▶ _What you should do_: Return exactly the span of lines in the following data that opens with the line containing "(서울=포커스뉴스) 우태희 산업통상자원부" and closes with the line containing "ピーナッツの香ばしい風味とバ". Include nothing else.

▶ _Material for this task_:
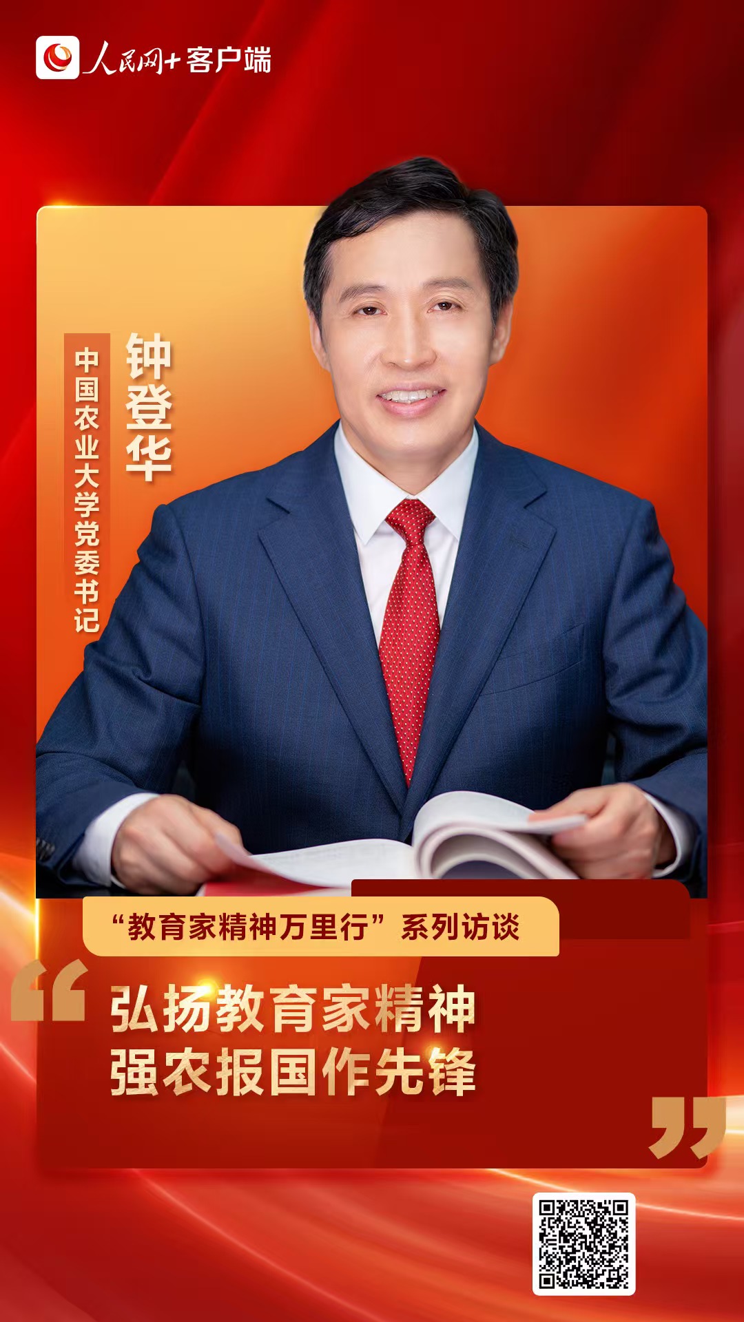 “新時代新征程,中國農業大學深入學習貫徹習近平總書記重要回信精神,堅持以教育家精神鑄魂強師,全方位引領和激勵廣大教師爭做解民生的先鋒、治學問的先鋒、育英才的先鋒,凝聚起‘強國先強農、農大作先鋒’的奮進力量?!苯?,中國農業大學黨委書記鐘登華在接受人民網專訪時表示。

---

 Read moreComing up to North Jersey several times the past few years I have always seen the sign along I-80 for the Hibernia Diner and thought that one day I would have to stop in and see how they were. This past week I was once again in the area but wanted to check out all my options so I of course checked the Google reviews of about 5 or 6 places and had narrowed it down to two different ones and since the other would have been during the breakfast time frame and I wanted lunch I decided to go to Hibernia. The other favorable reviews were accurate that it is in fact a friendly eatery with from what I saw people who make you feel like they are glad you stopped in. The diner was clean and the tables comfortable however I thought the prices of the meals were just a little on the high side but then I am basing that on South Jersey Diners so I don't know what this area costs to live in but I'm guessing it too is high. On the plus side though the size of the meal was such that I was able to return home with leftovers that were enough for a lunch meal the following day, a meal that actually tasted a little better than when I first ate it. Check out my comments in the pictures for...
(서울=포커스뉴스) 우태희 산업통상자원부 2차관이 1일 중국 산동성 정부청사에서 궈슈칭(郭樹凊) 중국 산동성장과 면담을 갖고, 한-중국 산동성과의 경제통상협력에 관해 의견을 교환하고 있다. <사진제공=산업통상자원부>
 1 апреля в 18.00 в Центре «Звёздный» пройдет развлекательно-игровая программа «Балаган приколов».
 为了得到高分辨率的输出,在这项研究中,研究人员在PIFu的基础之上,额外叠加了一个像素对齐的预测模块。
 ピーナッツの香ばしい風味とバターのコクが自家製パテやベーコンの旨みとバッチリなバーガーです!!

* * *

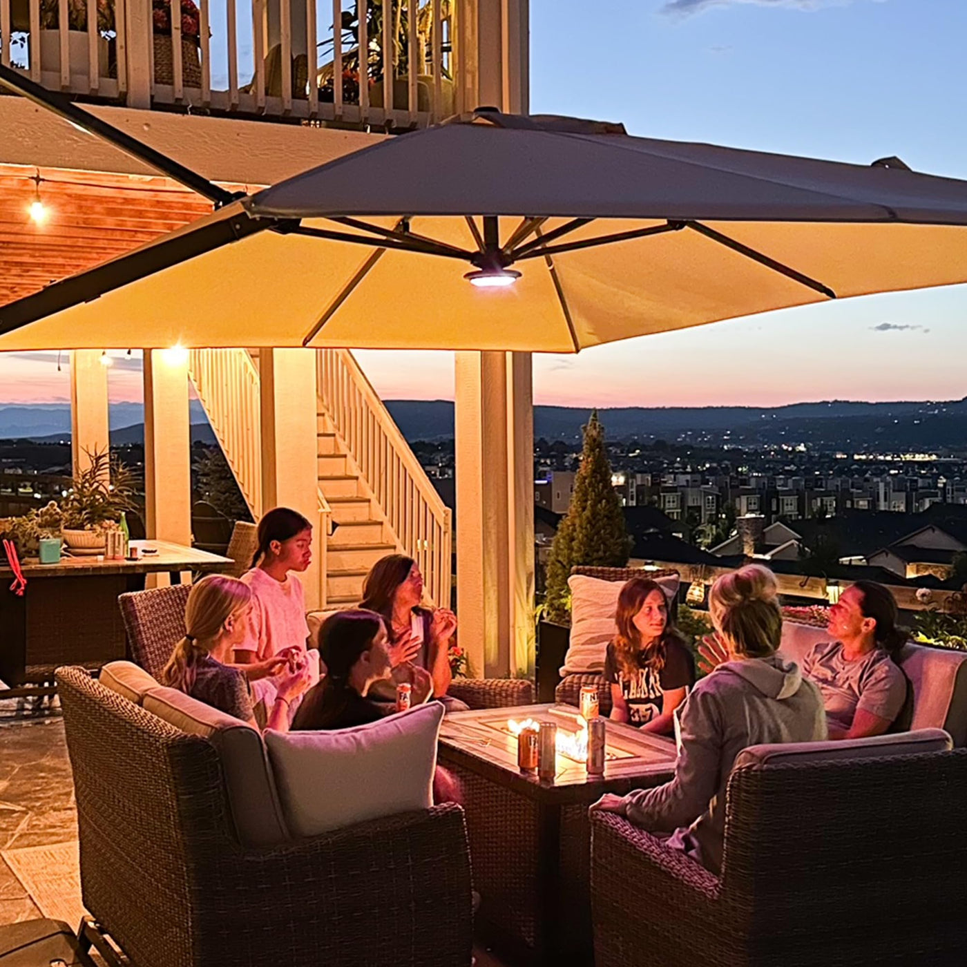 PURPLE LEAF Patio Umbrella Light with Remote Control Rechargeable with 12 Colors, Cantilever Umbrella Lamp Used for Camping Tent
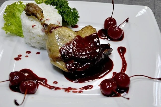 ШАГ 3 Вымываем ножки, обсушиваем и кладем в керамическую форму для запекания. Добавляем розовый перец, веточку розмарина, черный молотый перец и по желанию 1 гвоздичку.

▶ _Response_:
(서울=포커스뉴스) 우태희 산업통상자원부 2차관이 1일 중국 산동성 정부청사에서 궈슈칭(郭樹凊) 중국 산동성장과 면담을 갖고, 한-중국 산동성과의 경제통상협력에 관해 의견을 교환하고 있다. <사진제공=산업통상자원부>
 1 апреля в 18.00 в Центре «Звёздный» пройдет развлекательно-игровая программа «Балаган приколов».
 为了得到高分辨率的输出,在这项研究中,研究人员在PIFu的基础之上,额外叠加了一个像素对齐的预测模块。
 ピーナッツの香ばしい風味とバターのコクが自家製パテやベーコンの旨みとバッチリなバーガーです!!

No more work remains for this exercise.